The Journey
- lindadoesdesign
- Feb 6
- 2 min read

I didn’t begin in design.
I began in the beauty industry, where I owned and designed my own salon. It was there I first noticed something subtle but undeniable: the way a space could change how someone felt in their body. Clients would arrive guarded or tired and leave softened—more confident, more present, more themselves.
It wasn’t just the treatments.
It was the room.
The light.
The way the space held them.
Years later, as I moved into yoga and meditation, that awareness deepened. I learned alignment not only in the body, but in the breath, in stillness, in what happens when we stop forcing and start listening. Movement taught me how energy behaves. Stillness taught me how to hear it.

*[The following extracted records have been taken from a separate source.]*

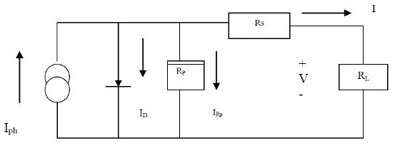 A simplified equivalent circuit of a solar cell consists of a currentsourceinparallel witha diodevariable resistor is connected to the solar cell generator as a load. Relationship between the current and voltage may be determinedfromthediodecharacteristicsequation: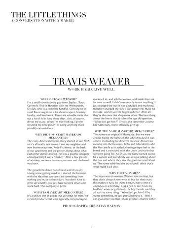 marketed to, and sold to women, and made them ok for men as well. I didn’t necessarily invent anything, I just changed the way it was packaged and marketed, therefore changed the way it was perceived. Make no mistake, women are the target audience. After all, they’re the ones that shop more often. The best thing about the line is that it solves the age old question, “What do I get him?” If you can’t remember a name like Manready, then I officially give up. WHY THE NAME MANREADY MERCANTILE? The name was originally Manready, but we were always hiding the name on the labels because it was almost misleading for different reasons. About two months into the business, Roby and I decided to add the Mercantile as it added a heritage-type feel to the brand and it coincided with the labels and style that we were going for. All-in-all, the name turned out to be a winner and everybody was always talking about the line and where they saw the goods or read about us. The name solidified the brand and I think that’s what made it all click.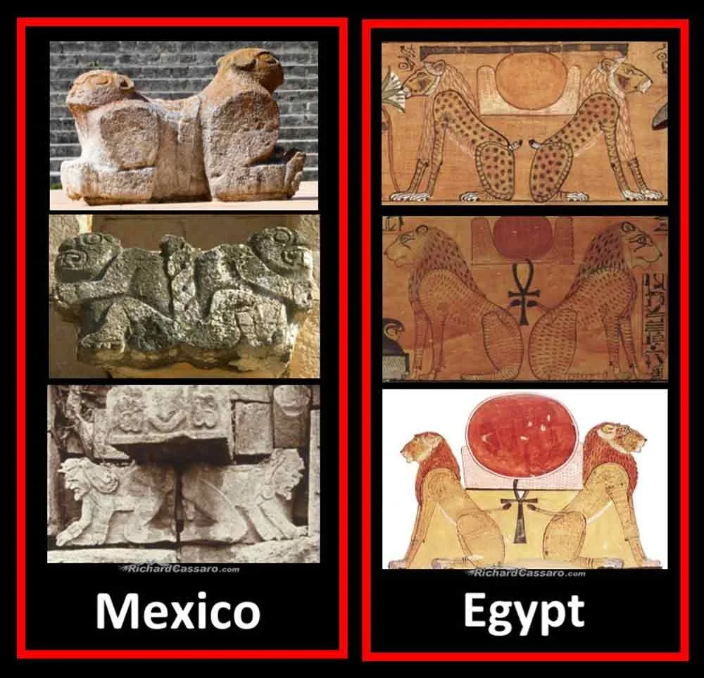 Among the many other points are that Mesoamerican pyramids are derived from the pyramids of Egypt and Nubia.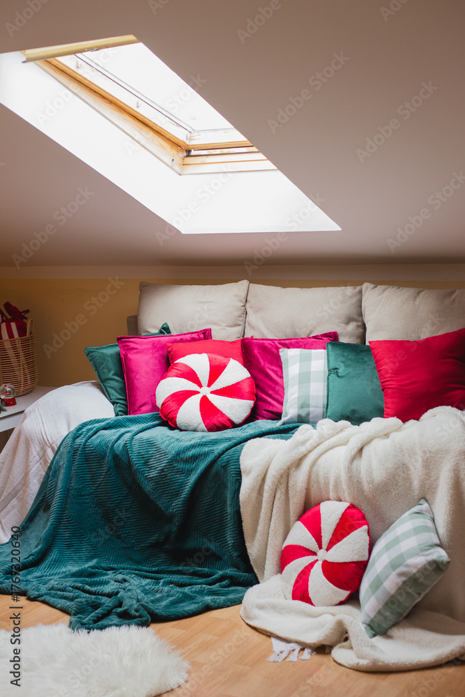 Autumn wreath from dry colored leaves, cones and black berries on beige background, copy space, seasonal flyer concept. Bright color fall greeting card, Thanksgiving day invitation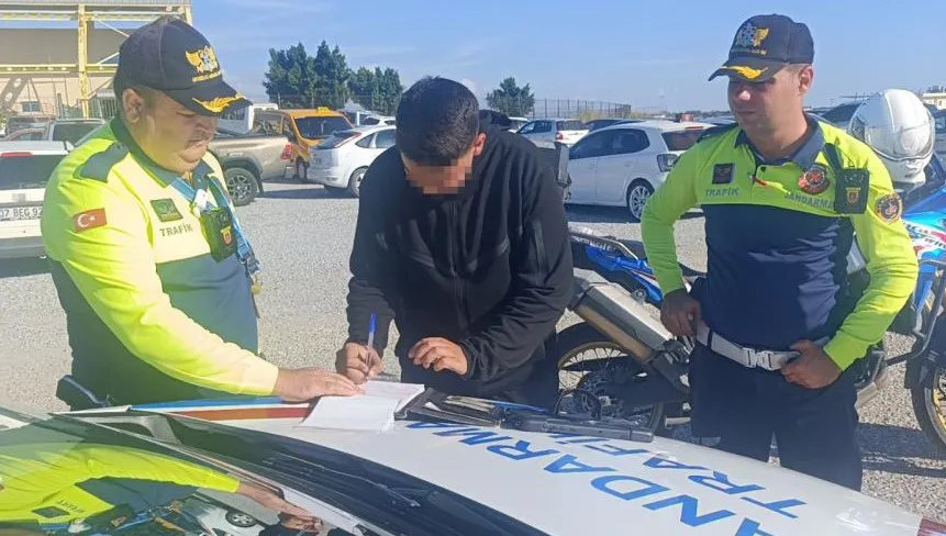 Ceza uygulanan sürücülerden A.C.'nin jandarma trafik ekiplerinin dur ihtarına uymadığı, kaçmak isterken düşmesi sonucunda durdurulduğu bildirildi. A.C'ye ehliyetsiz araç kullanmak, abartılı egzoz, plaka takmamak, ayna takmamak ve dur ihtarına uymamaktan toplam 66 bin 677 TL para cezası uygulanırken motosikleti de trafikten men edilerek yediemin otoparkına çekildi.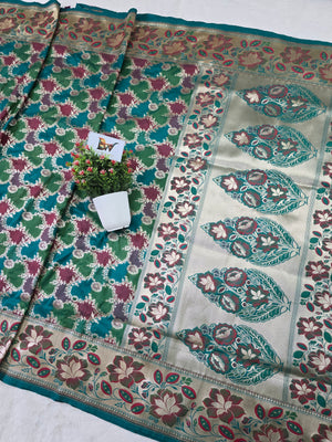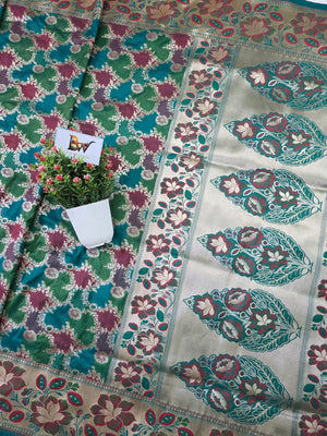 • Color: Teal base with multicolor rangkaat pattern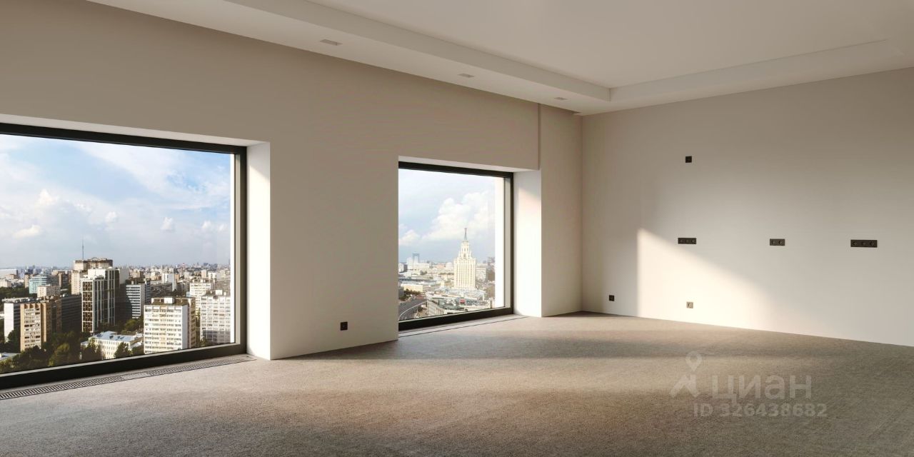 В апартаментах установлены полноразмерные панорамные окна в пол с шумоизоляцией от бельгийской компании Reynaers высотой до 4,5 метров.

That listening followed me into an unexpected chapter—joining my husband’s 106-year-old family lumber business. There, I helped create Eastman Cartwright Home, a design division within a working lumberyard. It was a return to the bones of the home: materials, structure, craftsmanship. Wood that had lived a long life before becoming part of a space.
It reminded me that architecture isn’t just visual.
It’s historical.
Energetic.
Relational.
A home carries memory—whether we acknowledge it or not.
As I evolved, Feng Shui found me. Or perhaps I finally found the language for something I had always known. It revealed that the home is not separate from the self. That our spaces mirror our stories. That alignment—when done with intention—doesn’t just look beautiful. It heals.
In 2024, that understanding became deeply personal.
I found an 1888 miner’s cottage in Galena, Illinois and began a slow, intentional restoration. I didn’t approach it as a project. I approached it as a conversation.
I didn’t just renovate that home.
I listened to it.
Each decision—every brushstroke, every object chosen—became a dialogue between beauty and energy, past and present. What wanted to stay. What was ready to soften. What needed to be honored before it could change.
That cottage became a quiet teacher.
It showed me that good design doesn’t impose.
It responds.
That spaces—like people—open when they feel respected.
Today, this is how I work with every client.
Intuitively.
Slowly.
With reverence.
I don’t believe in forcing a home into an idea. I believe in listening for what it’s asking for—and aligning the space so it can support the life unfolding within it.
This work is not about trends.
It’s about trust.
About creating environments that feel steady, warm, and deeply inhabitable.
A home is not something you decorate.
It’s something you enter into relationship with.
And when that relationship is aligned, the effects are felt far beyond the walls.